The Honeys breaks away from gender norms and conformity, offering readers an inventive story about the abuse and expectations of women.
Mars heads back to his stifling and archaic summer camp in The Honeys to solve the mystery behind his sisters’ descent into madness, unraveling the camp’s dark secrets behind it.
The story starts with Caroline, Mars’ twin sister, saying that she loves him right before she attempts to kill him. Fighting for his life, he clings to her, even as she launches them over the railing, crashing into a chandelier, leading to her death.
They said cancer in her brain caused her to act in such a way. But Mars has other ideas. Mars believes that the prestigious Aspen Conservancy Summer Academy led to her death. Determined to figure it out, he makes his way back to the camp that once tried to burn him alive for being himself.
Mars is genderfluid, breaking away from the predetermined and socially imposed gender roles. He does his nails and wears sandals and crop tops. They are unapologetically themselves.
And I loved that.
Through Mars, the story is breaking apart those gender roles that put women in one position and men in other. Roles that pigeonhole people to unhappiness. There is a lot of thoughtfulness in the story as it begins with Mars remaking himself to be the macho male in the story to solve his sister’s murder. But, even she had a role to fill that was slowly killing her. The Honeys, the group of girls who tend to the bees, also have a role to fill that threatens to break them and kill them.
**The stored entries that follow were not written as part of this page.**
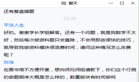张力元同学首先分享考试心得,他结合自身备考荥阳市税务局公务员的经验给师弟师妹们提出了关于复习备考、考试心态以及选岗位等方面的建议。其一,不打无准备之仗,在备考过程中需要不断刷题、模拟,建议准备电子版的错题本,及时复盘。其二,备考是一段较长的旅程,无论是在基础复习阶段、强化训练阶段,还是最后冲刺阶段都应保持良好的心态,把每一道错题当做一次积累。其三,选岗位时注意限制条件越多的岗位报考人数越少,上岸概率较大。
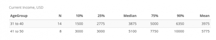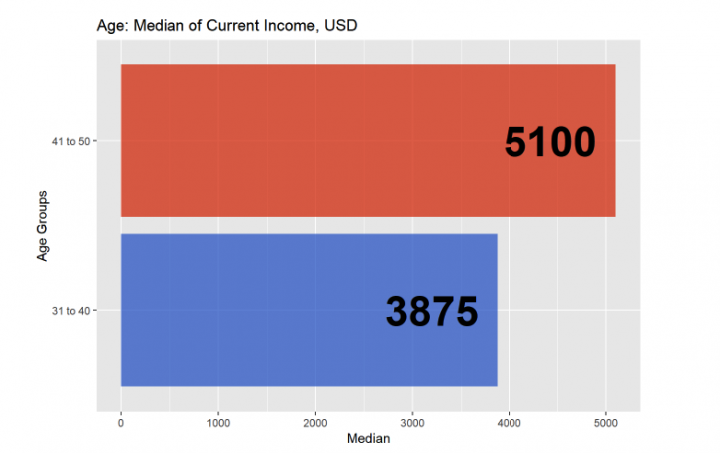 Большинство респондентов — в возрасте от 31 до 40 лет, но заработок выше у тех, кто старше 41 года — $5100 на медиане против $3875. Также и верх вилки у них $10000, а не $6350, как у более молодых финансовых директоров.
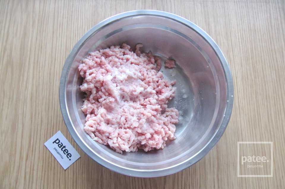 Посолите и поперчите. Соли на такое количество фарша достаточно одной чайной ложки.
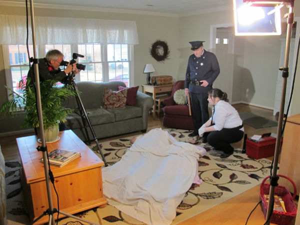 Hank Ebert (left) with Gary Reid (the police officer) and Kelly Anglim (the evidence tech) with Charlie and Martha Boswell somewhere under the sheets.

It is exciting to see Mars develop as a character and see La Sala break up from conformity and focus on building their personal identity.
Much like with the cover, The Honeys is quite trippy. La Sala captures the eerie atmosphere and unsettling sense that something is wrong with the Aspen Conservancy Summer Academy. The woods have a powerful dark secret lurking within them, controlled by the Honeys.
Admittedly, there were times when the story’s pacing moved too quickly, allowing the readers to get lost. In addition, the transitions from scene to scene were not always clear as the story approached its ending. Sometimes it is unclear who we are supposed to be following or what is happening in a particular scene, forcing the reader to re-read pages.
The speed at which the reader must read the story is slower than the plot’s lighting pace.
The Honeys is certainly a trippy novel. Bending the social norms, it criticizes and highlights the unfairness of conformity while developing an unsettling and thought-provoking story.